The merbau will be fine - 70 or 90 really a matter of aesthetic choice - the thinner look or wider. Both widths will sag - the 90mm will sag less and take longer to be noticeable - but it still will sag. Over 1.8 mm they will both need some centre support - either a piece of timber of a length of 25x25mm rhs steel. Doesn't need to be much - it is simply to stop the sag in the middle. Even a piece of the same timber as the slats if you don't mind having a break in the visual line of the gaps in the centre. But it could be a piece of something  smaller - say 30x19.

----------


## brisvegas

We're probably going to get the timber tommorow, Any other options other than Merbau? We want something thats relatively easy to work with but also very durable, Will be stained every 12-24months. Cheers

----------


## Lammy

If your going to stain it then have a think about (hard wood floor boards - jarrah) from a salvage yard.
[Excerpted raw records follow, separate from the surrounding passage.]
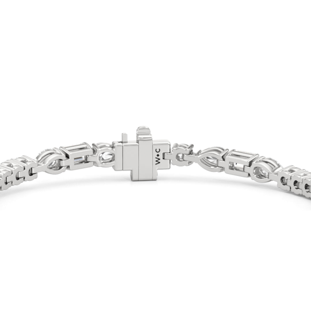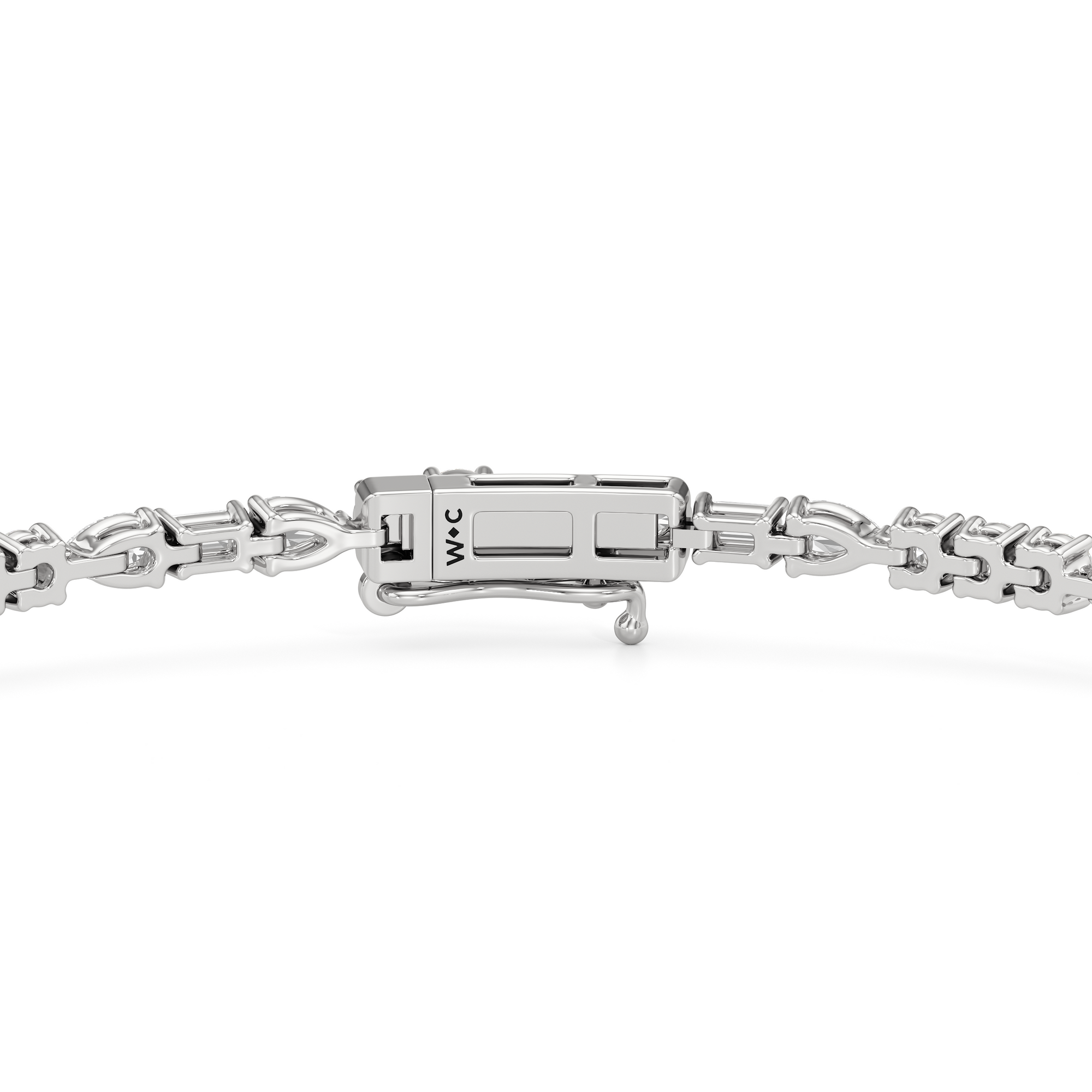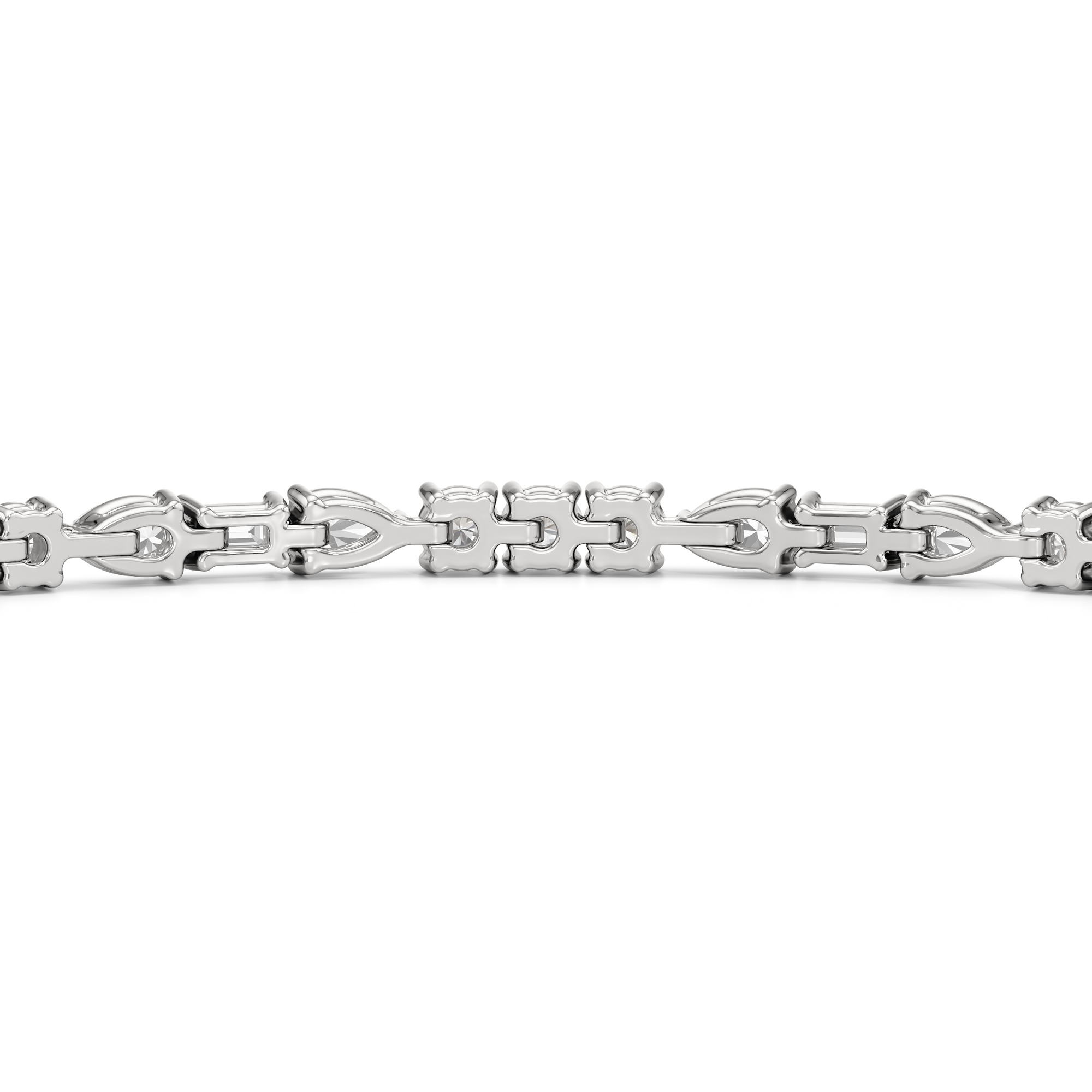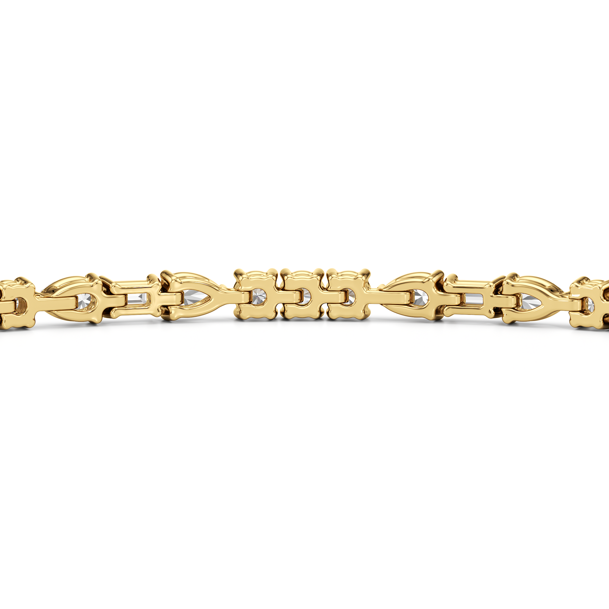 This diamond tennis bracelet is proof that good things come in threes. A triad of round diamonds lay after each trio of pear-emerald-pear diamonds. They create a stylized row marked by symmetry and geometric beauty. Wear it as a standalone piece or stack it with a chunky chain or a classic bangle.
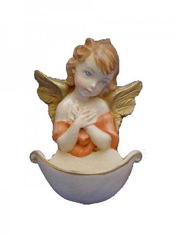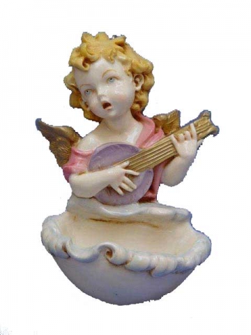 Blessed water container with angel playing the mandolin, porcelain finishing. Figure in resin, 16 cms.
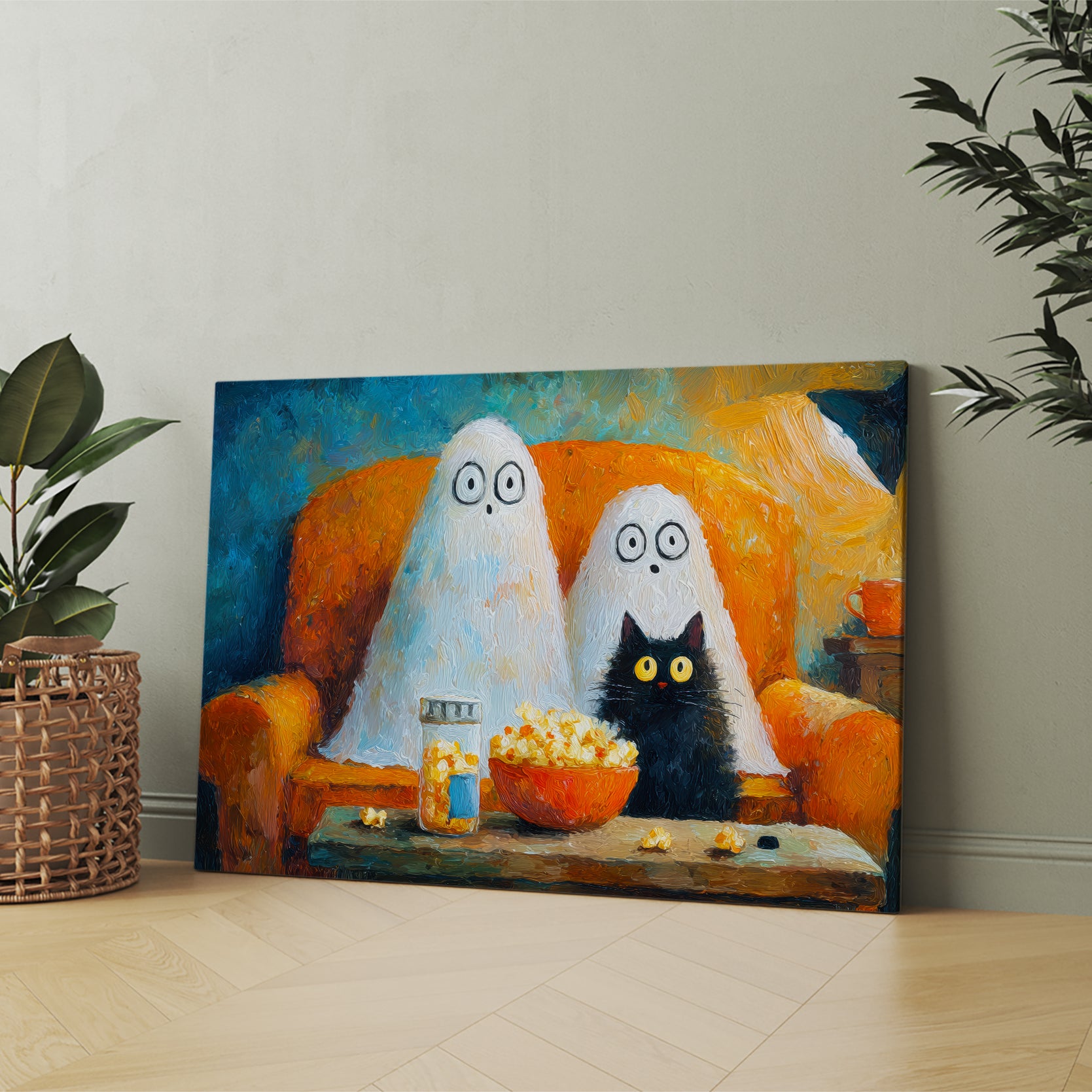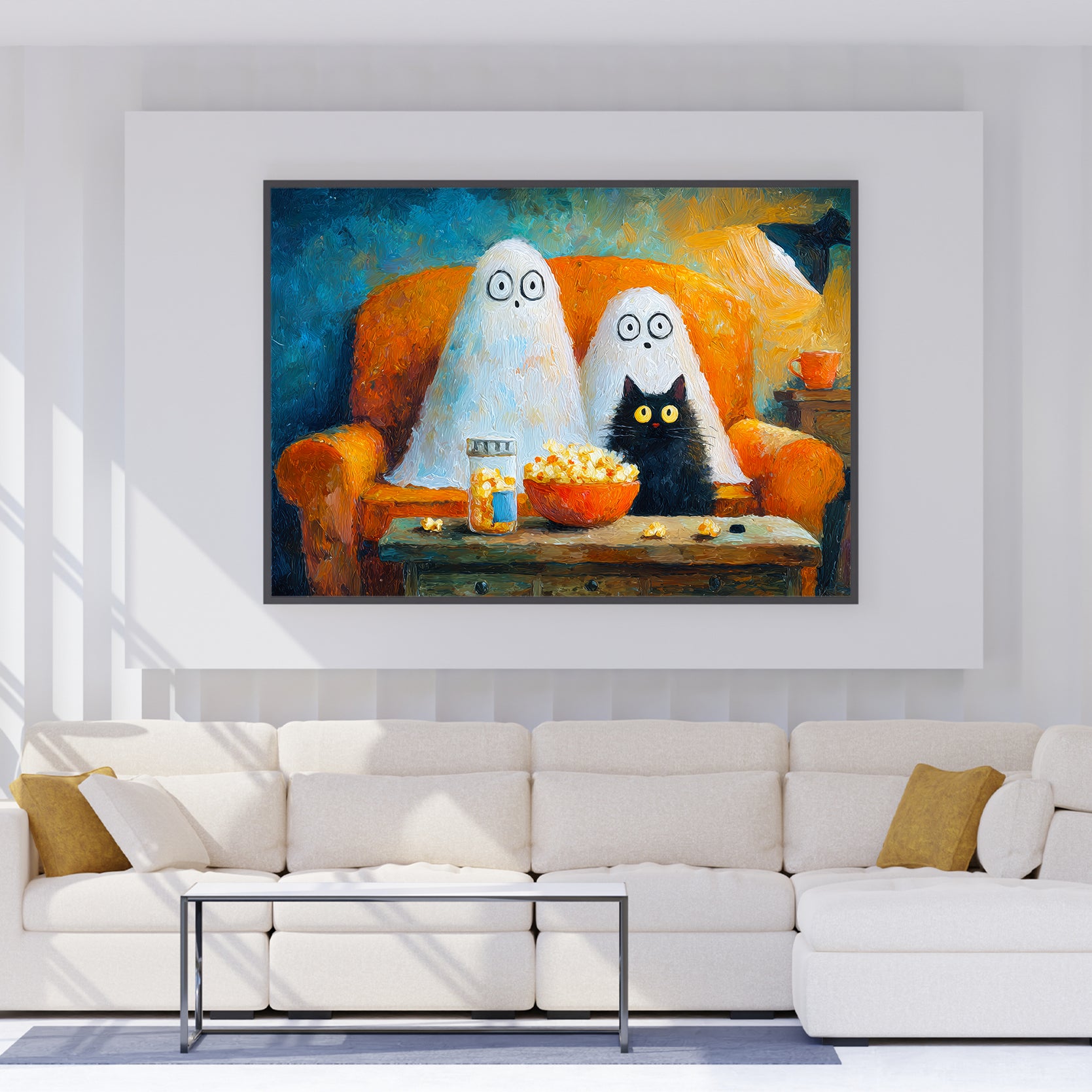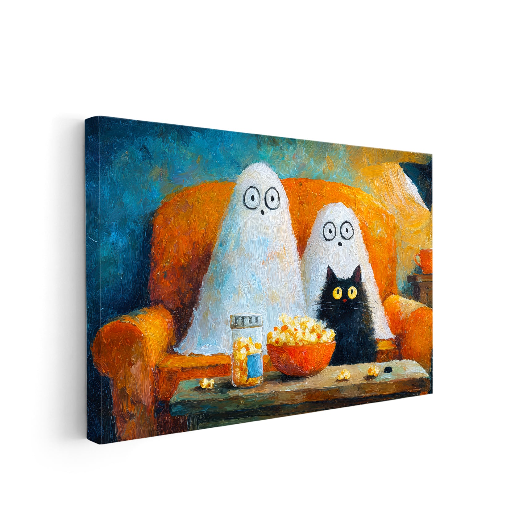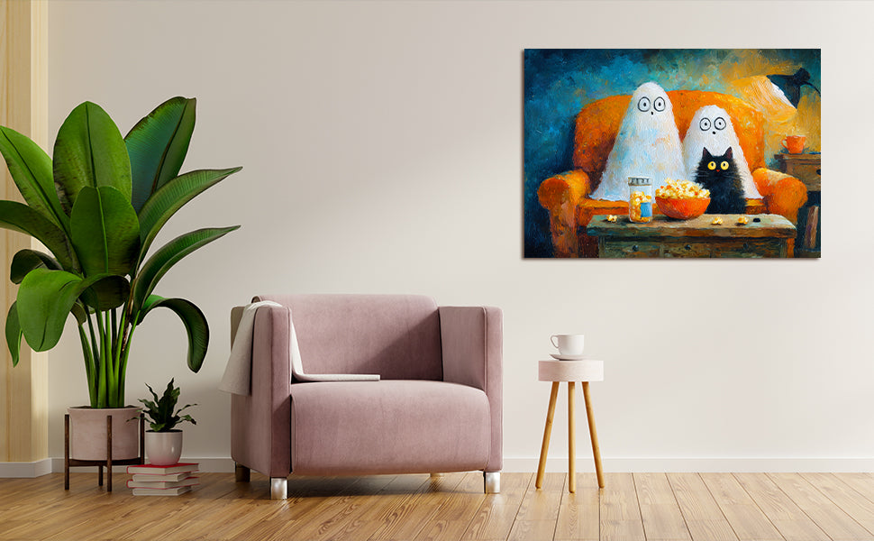 Add a touch of festive charm to your living space with this Halloween Ghost and Black Cat Canvas Wall Art. Featuring a whimsical movie night scene, it creates a cozy and playful atmosphere perfect for your living room, sofa backdrop, or bedside decoration. Crafted to enhance your home decor, this canvas combines seasonal spirit with artistic flair, making it an expert choice for those seeking unique and stylish Halloween accents.
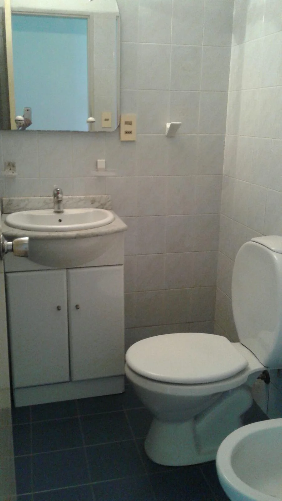 Ventilado baño completo, con mampara en la zona de ducha, revestimiento cerámico en buen estado y mueble bajo pileta.
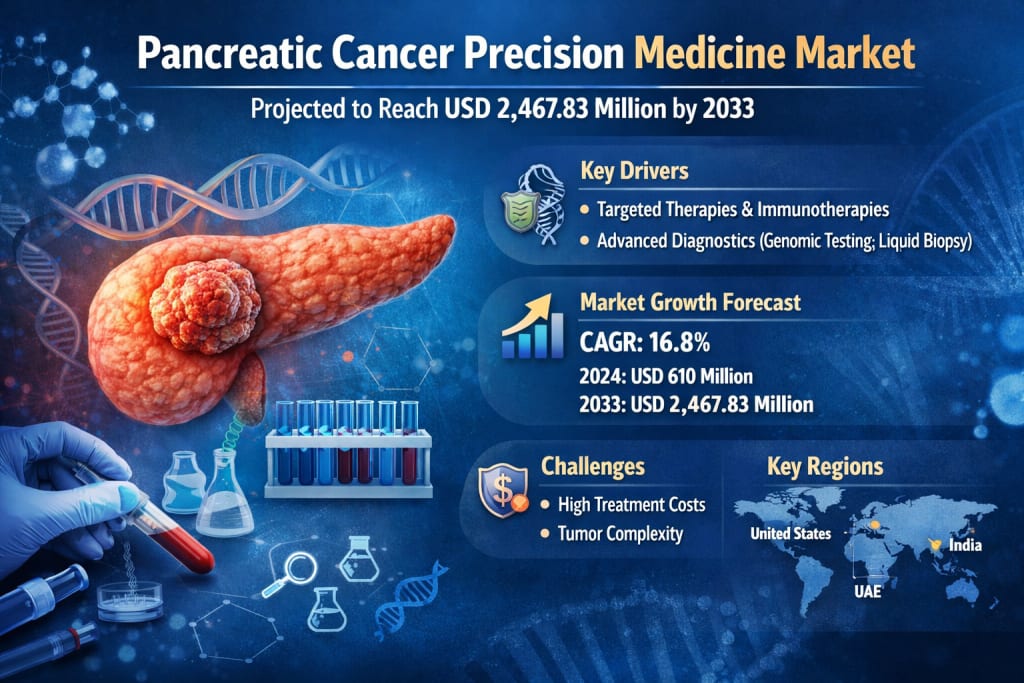 According to recent findings, the global pancreatic cancer precision medicine market is projected to grow from US$ 610 million in 2024 to US$ 2,467.83 million by 2033, expanding at a CAGR of 16.8% from 2025 to 2033.

Just cut off the tougne n groove and there you have it, good solid timber, recycled and cheap too.

----------


## Peaceful L/S

To get a flush look with these offset posts you would need to house the slats on the back of one post and the front of the other. To attach them, use screws and countersink them.

----------


## brisvegas

We bought 25 2.1 metre lengths of 70x19 Balau, Stained it with clear finish and it looks fantastic, Will try and put it up towards the end of next week.

----------


## brisvegas

Just finished putting up the screen, Still thinking about what to do up the top and we will put the brace piece in tommorow, Im pretty happy with it, You''d be surprised how hard it is to hold and screw a piece of 70x19 Balau up yourself.
Heres some piccies

----------


## shammo

good job!! 
looks like you forgot to seal the ends though!

----------


## d00biez

great job man looks nice. 
i just thought of one thing for future reference re holding the slats in place while you fasten them- when i did my screen (3m wide with 4 posts left to right) i used small offcuts of the slats (90mm) as spacers and then used 3 quick grip vices to hold each slat in place and put a few small brad nails via nail gun into the slat at each post. that kept them up while i drilled the holes and put the screws in. you cant see the brads at all and the vices also come in handy for slats that are warped vertically, you can use the spacers in between the slat then clamp the warped piece down towards the previously fastened slat and it will be straight as a die (sortve!) 
cheers

----------